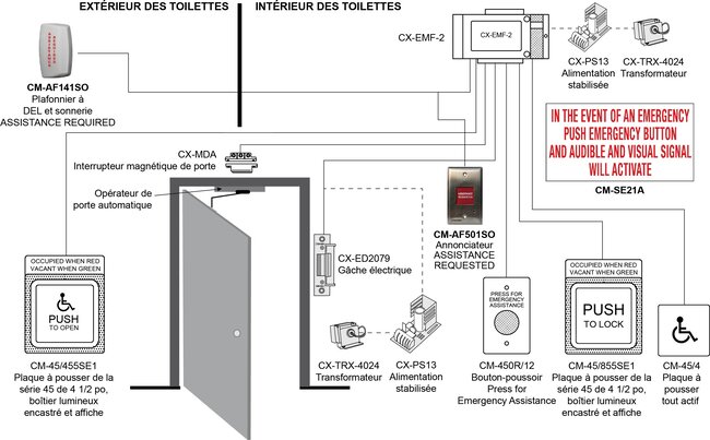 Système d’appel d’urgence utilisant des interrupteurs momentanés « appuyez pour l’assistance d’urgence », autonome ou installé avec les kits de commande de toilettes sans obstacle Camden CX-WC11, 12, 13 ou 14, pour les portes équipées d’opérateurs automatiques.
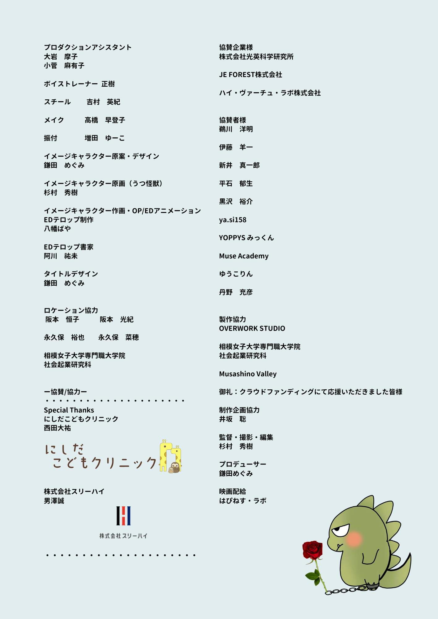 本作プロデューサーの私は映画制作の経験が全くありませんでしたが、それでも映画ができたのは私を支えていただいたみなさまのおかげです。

★ ★ ★ ★ ★ ★ ★

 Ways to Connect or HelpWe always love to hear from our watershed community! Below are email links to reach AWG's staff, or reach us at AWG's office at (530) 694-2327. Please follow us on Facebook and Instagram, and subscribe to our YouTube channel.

★ ★ ★ ★ ★ ★ ★

> [WORK TO BE COMPLETED]
From the records above, give again only the part that opens with the line containing "Système d’appel d’urgence" and closes with the line containing "本作プロデューサーの私は映画". Keep both ends but drop the pictures.

> [RESULT]
 Système d’appel d’urgence utilisant des interrupteurs momentanés « appuyez pour l’assistance d’urgence », autonome ou installé avec les kits de commande de toilettes sans obstacle Camden CX-WC11, 12, 13 ou 14, pour les portes équipées d’opérateurs automatiques.
 本作プロデューサーの私は映画制作の経験が全くありませんでしたが、それでも映画ができたのは私を支えていただいたみなさまのおかげです。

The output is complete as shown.